NumPy for the little ones

Mathematics is everywhere in our lives, but in programming, and especially ML, there is twice as much of it. Python is usually taken as an example of the most “scientific” programming language because of its mathematical frameworks. Just as Python can help to operate with mathematical abstractions, some in the research field use Python exclusively for all kinds of scientific research – today we will talk about the NumPy library and working with arrays.

The newest “library” with gadgets in the form of SciPy and Matplotlib is designed for working with multidimensional arrays. NumPy is the basis for many other machine learning libraries such as SciPy, Pandas, Scikit-learn and TensorFlow.

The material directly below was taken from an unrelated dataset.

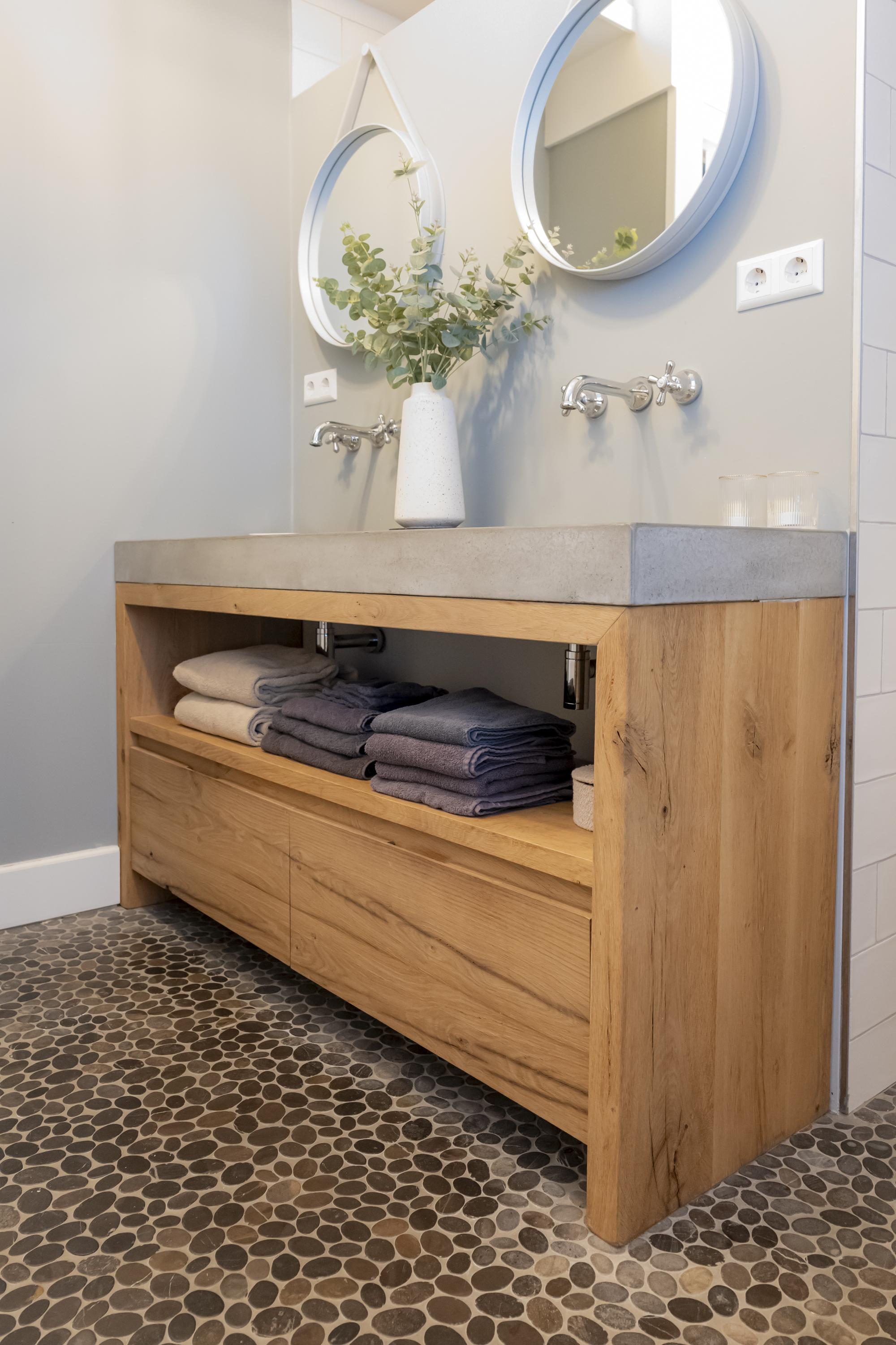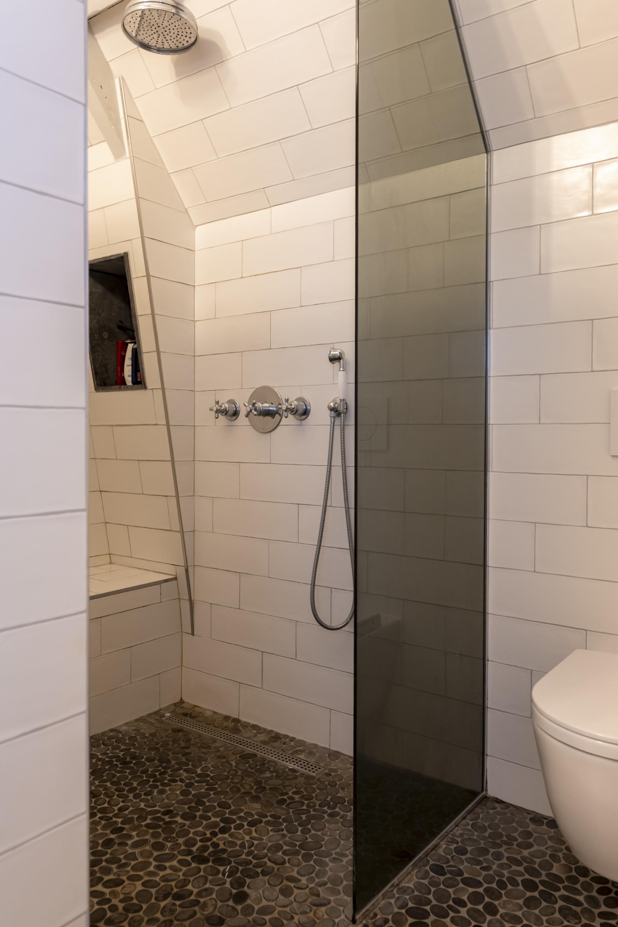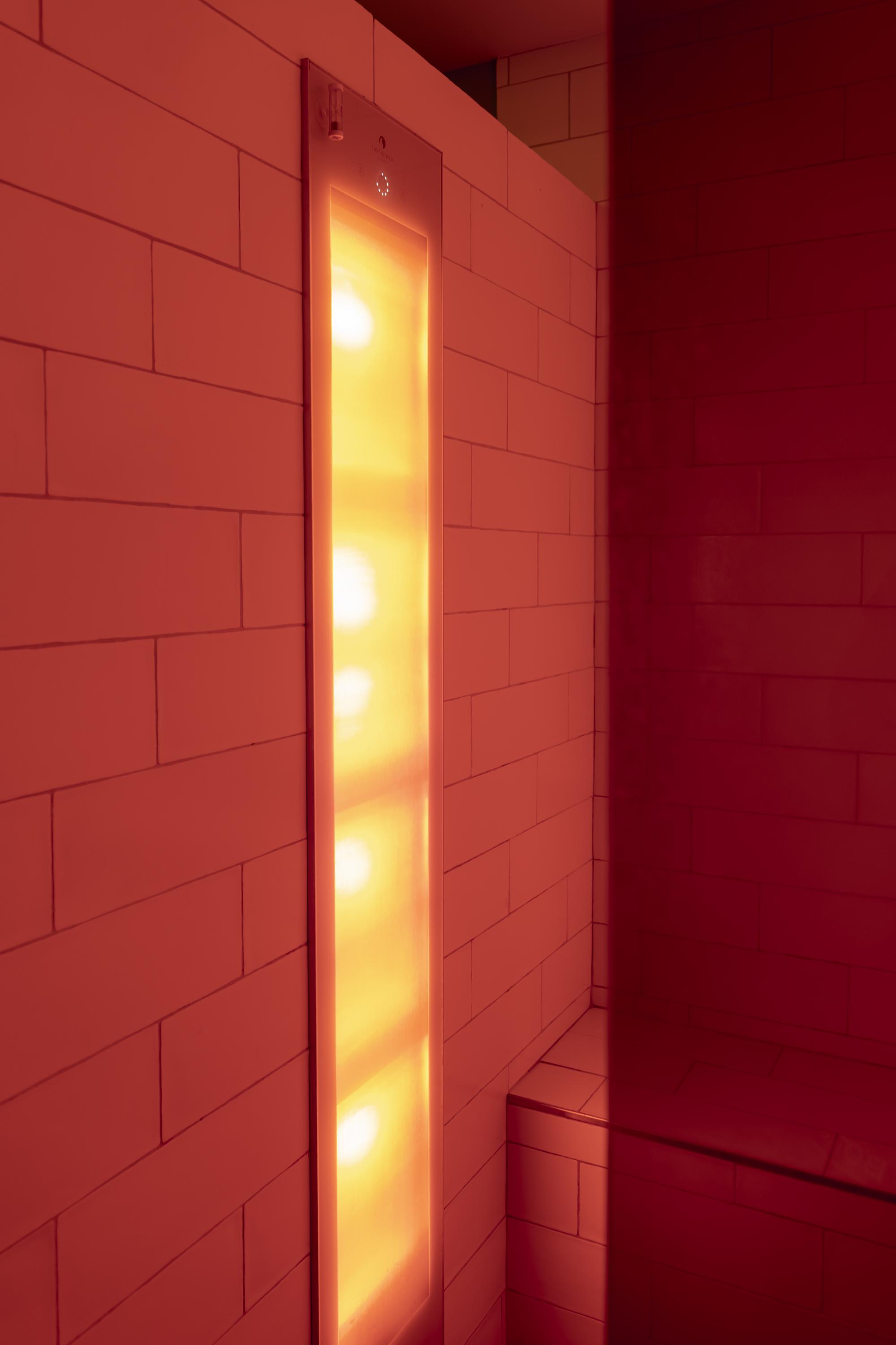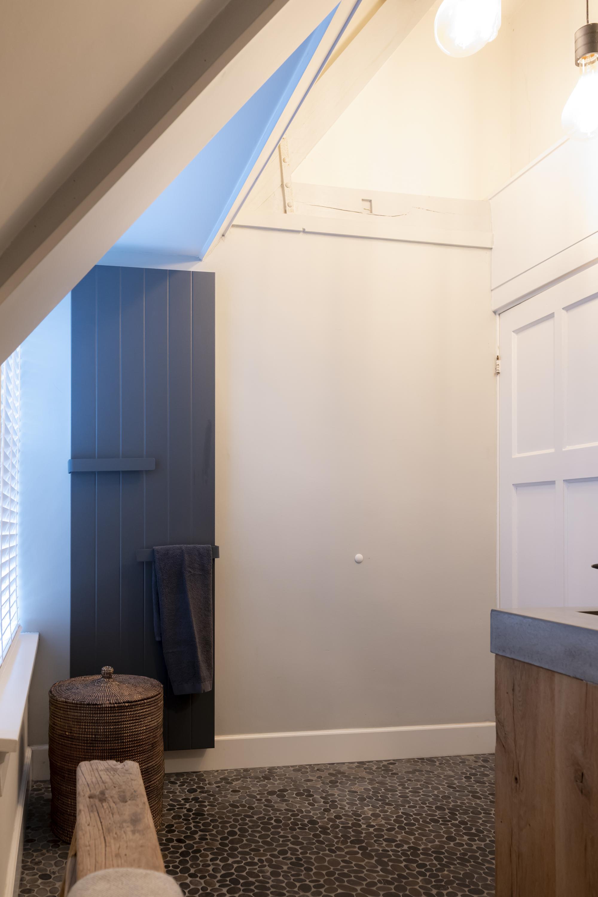 Overloop met toegang tot drie ruime slaapkamers, allen geschikt voor een tweepersoonsbed. De moderne badkamer is stijlvol uitgevoerd en voorzien van een inloopdouche met stort- en handdouche, met een ingebouwde infrarood- en zonnebankfunctie in de douchewand, een dubbel wastafelmeubel en een wandhangend toilet.

Pandas, for example, is built on top of NumPy and allows you to work with high-level data structures like DataFrame and Series. Using NumPy, you can convert categorical data to a numeric format, for example, using one-hot encoding.

NumPy is implemented in C, at the level of low abstractions, so all work with the library does not proceed in the format of “waiting for two hours to compile the code” – the library is written in a low-level language for maximum speed and efficiency.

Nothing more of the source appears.